Her heart pounded, and her chest heaved with exertion and fear. She forced herself to draw her breath in slower, deeper.

To hide, she’d need to be silent.

To be silent, she needed to stop bellowing like a winded horse.

She scanned her surroundings and spotted an even narrower path off to the left.

It was less muddy there. She ran along it a short distance and then backtracked walking backwards in her own footsteps.

At the main trail she made a leap onto a grassy mound beside a large tree.

She hugged that tree and swung herself around to the other side of the trunk.

The smell of ferns and bracken rose through the air.

Gingerly, she tried to stay out of the dirt and step on small tufts of grass.

She picked her way carefully through the forest, her breath deepening even as her fear mounted.

Where was Kurt?
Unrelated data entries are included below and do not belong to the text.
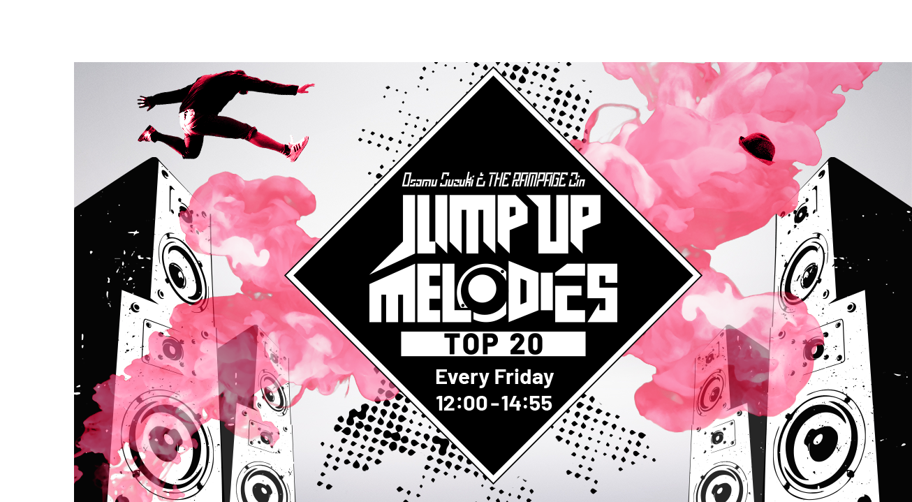 JUMP UP MELODIESとは、鈴木おさむと、次世代を担うアーティストTHE RAMPAGEのリーダー・陣が、「急上昇なトピック」を届ける2時間のプログラム!旬なゲストが語る、ここでしか聴けない貴重秘話から、いまSNSを中心に話題となっている注目の音楽まで、金曜昼に「今」をフル充電!あなたをバージョンアップして充実した週末を迎えましょう!
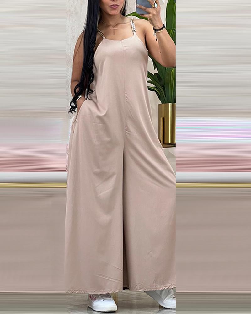 Chain Strap Pocket Design V Neck Wide Leg Jumpsuit
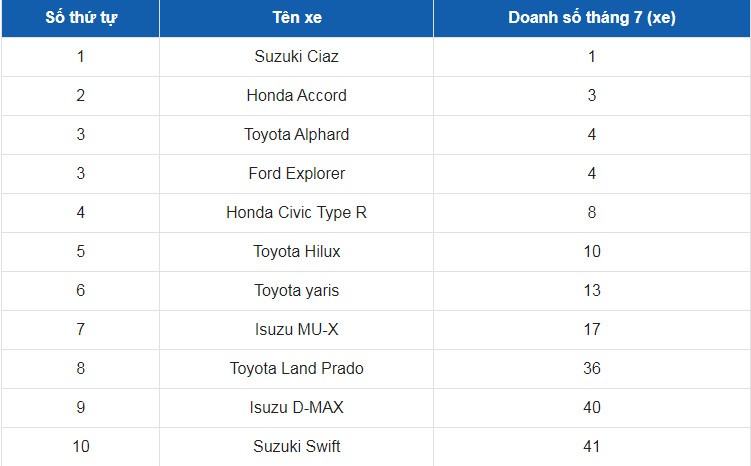 Ở cùng phân khúc giá với Ford Explorer, cái tên Honda lại 1 lần nữa réo tên với mẫu Honda Civic Type R. Doanh số cả tháng đạt 8 chiếc. Các vị trí còn lại lần lượt thuộc về các mẫu Toyota Hilux, Toyota Yaris, Isuzu MU-X, Toyota Land Prado, Isuzu D- MAX và cuối cùng là Suzuki Swift.
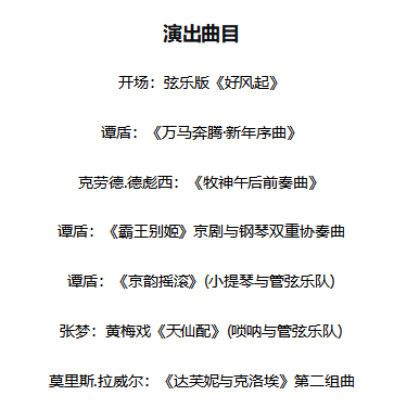 本场音乐会的曲目精心构建了一场东西方音乐的深度对话。谭盾不仅将指挥其全新创作的《万马奔腾·新年序曲》,以奔腾激越的乐音拉开马年的序幕,更带来两部深度融合戏曲元素的协奏曲力作——以钢琴与京剧双协奏曲形式重塑千古绝恋的《霸王别姬》与让小提琴在交响中融合京剧板式与摇滚节奏的《京韵摇滚》。
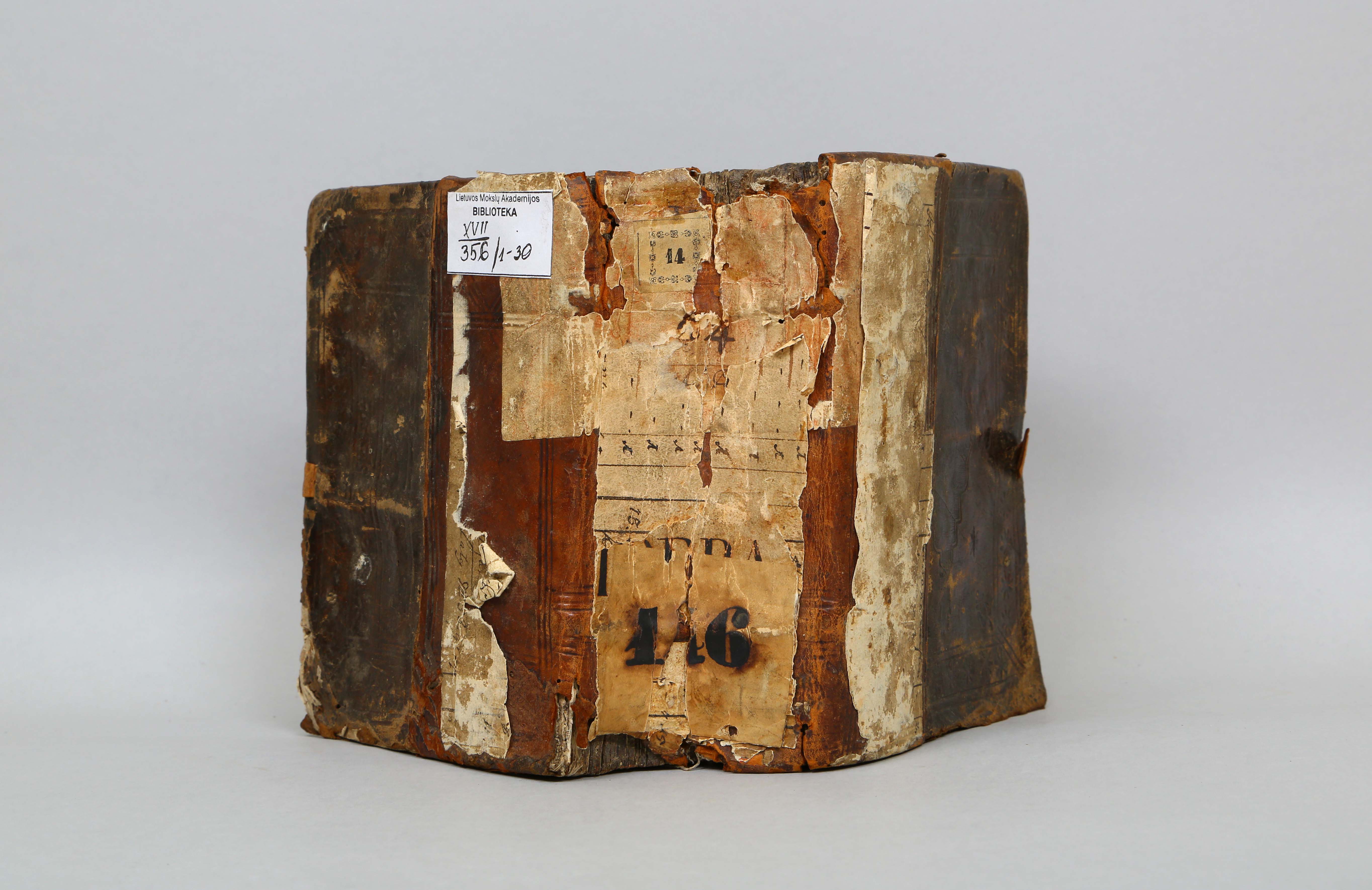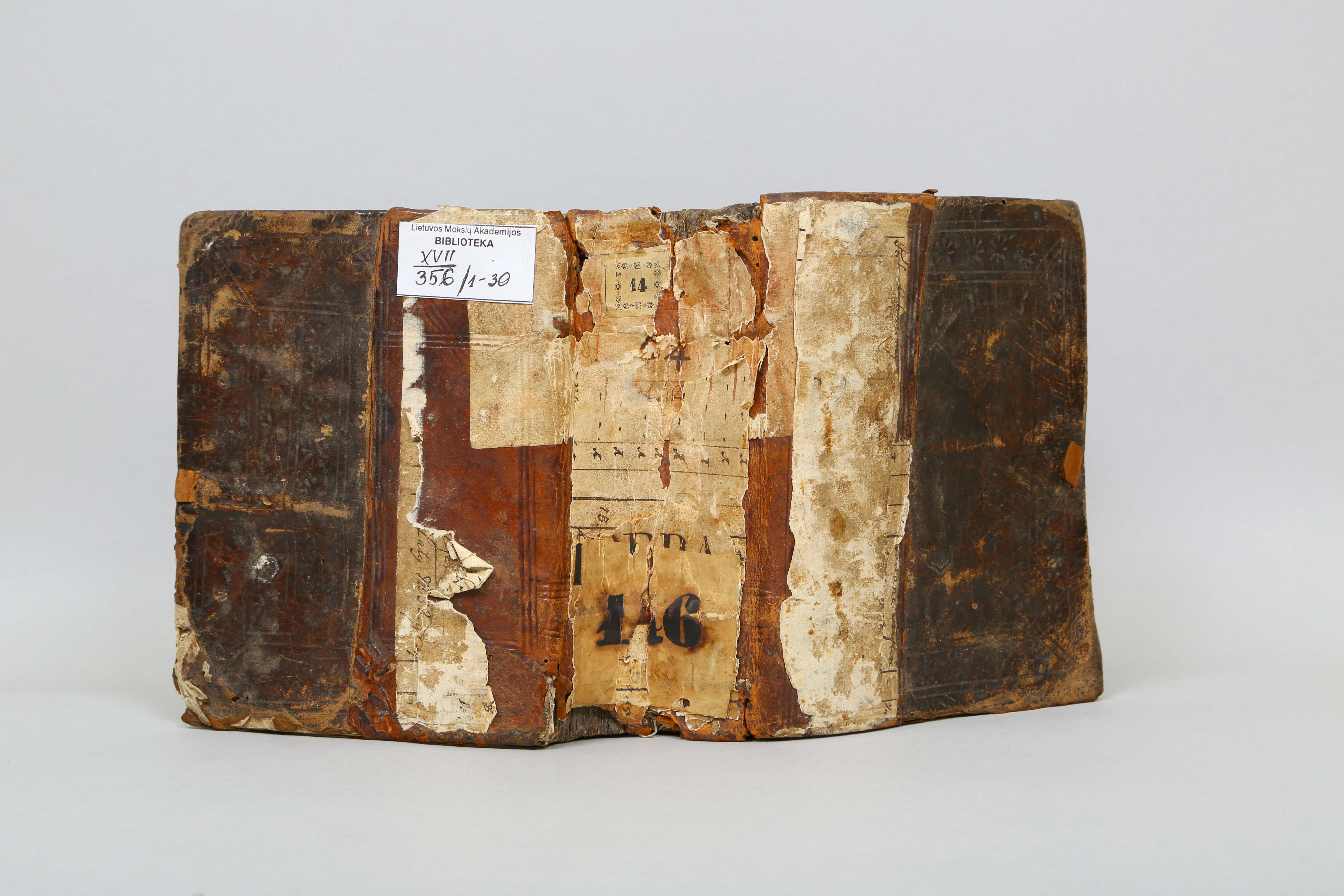 Konvoliuto XVII/356/1–30 įrišas: sudėtinis. Medžiagos: avenos oda. Viršelis jungtas iš kelių istorinių odinių viršelių; vėlyvesnė odinė danga dengia du trečdalius viršelio; ši danga – vienspalvė, su geometriniu įspaudų ornamentu. Ankstyvesnės odinės dangos dekoro technika – vienspalvė, su įvairių spaudų kompozicija. Raišteliai.
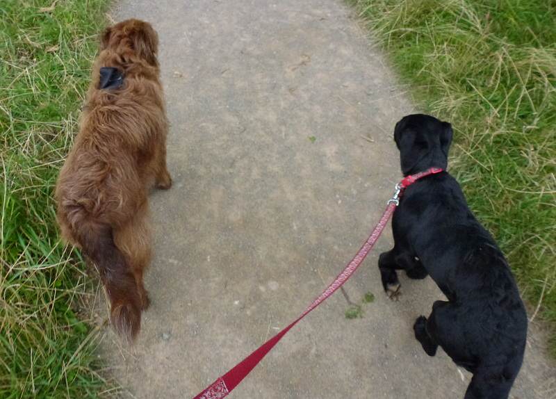 Beau is now eighteen weeks old and is getting quite long in the legs as she grows! Beau is such a friendly pup and any walk she goes on she will always spend some time running back to me for cuddles and be petted! Today she joined Nevis who is about three months older but quite a lot bigger, stronger and a pup that is experienced in the play fighting that Rory and Skye love to get into! Nevis doesn’t get walked a set number of times a week, he’s a ‘walk when needed’ but knows the other dogs well and is very friendly with any new dog he meets!
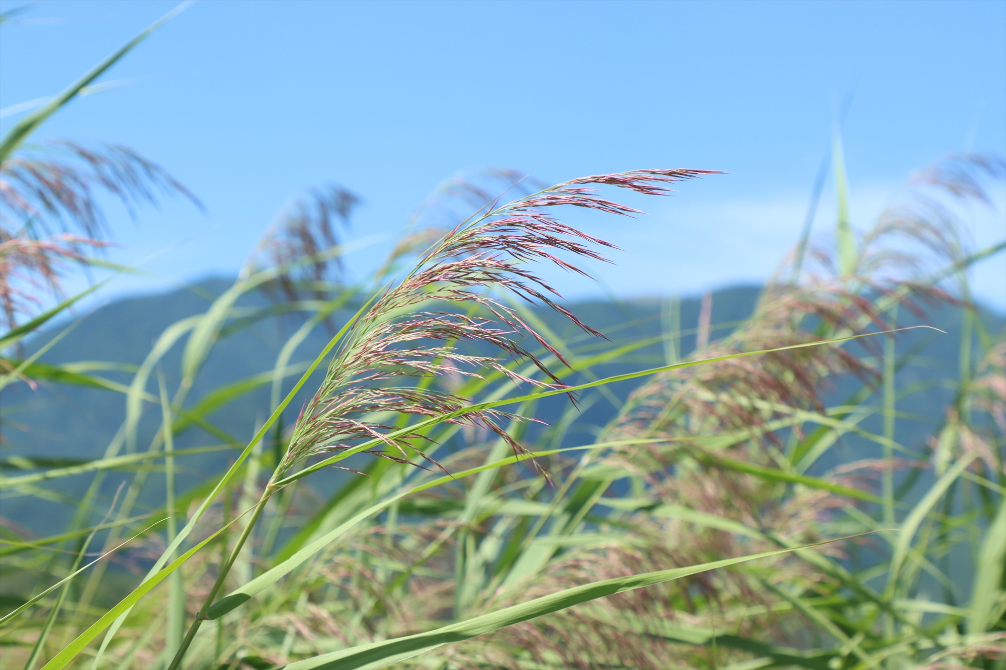 この時期になるとヨシはススキのような穂を伸ばしはじめますがそれが風に吹かれると涼しげに揺れ、葉っぱ同士がこすれてサラサラと心地よい音色を奏でていました。

What did he plan to do?

She headed up the slope again, another fifty feet and then turned back to the left, paralleling the original direction she’d taken.

The noises indicated the men were across the river now. Getting closer. She spotted a fallen log which would make a good hiding place and almost headed there.

She paused.

It was surely the first place they’d look…

Her gaze traveled up into the trees above her head.

Another gunshot sounded so loud it made her blood freeze.

If she wanted to survive, she needed to hide.

And she really wanted to survive. She wished Kurt was here with her.

The thought of him out there, fighting these guys alone was terrifying.

She swallowed the knot that strangled her throat. Then she began to climb.